Pu Songling (蒲松齡, 5 June 1640 – 25 February 1715) was a Chinese writer during the Qing dynasty, best known as the author of Strange Tales from a Chinese Studio (Liaozhai zhiyi).

==Biography==
Pu was born into a poor merchant family from Zichuan (淄川, in Zibo, Shandong). At the age of 18, he received the Xiucai degree in the Imperial examination. It was not until he was 71 that he was awarded the Gongsheng ("tribute student") degree for his achievement in literature rather than for passing the Imperial exam.

He spent most of his life working as a private tutor, collecting stories that were later published in Strange Tales from a Chinese Studio in 1740. Some critics attribute the Vernacular Chinese novel Xingshi Yinyuan Zhuan (Marriage Destinies to Awaken the World) to him.

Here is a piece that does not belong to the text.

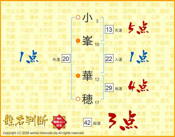 小峯華穂さんの天運は13画の5点!

==Translations of his work==

- Strange Tales from Liaozhai, 6 volumes (tr. Sidney L. Sondergard). Jain Pub Co., 2008-2014. ISBN 978-0-89581-001-4.
- Strange Tales from a Chinese Studio (tr. John Minford). London: Penguin, 2006. 562 pages. ISBN 0-14-044740-7.
- Strange Tales from the Liaozhai Studio (Zhang Qingnian, Zhang Ciyun and Yang Yi). Beijing: People's China Publishing, 1997. ISBN 7-80065-599-7.
- Strange Tales from Make-do Studio (Denis C. & Victor H. Mair). Beijing: Foreign Languages Press, 1989.
- Strange Tales of Liaozhai (Lu Yunzhong, Chen Tifang, Yang Liyi, and Yang Zhihong). Hong Kong: Commercial Press, 1982.
- Strange Stories from the Lodge of Leisures (George Soulié). London: Constable, 1913.
- Strange Stories from a Chinese Studio (tr. Herbert A. Giles). London: T. De La Rue, 1880. ISBN 1-4212-4855-7.
- The Emperor of China in a House of Ill Repute: Songs of the Imperial Visit to Datong (tr. Wilt L. Idema). Oxford University Press, 2023.

== In popular culture ==

- In The Knight of Shadows: Between Yin and Yang (2019), Jackie Chan portrays Pu Songling.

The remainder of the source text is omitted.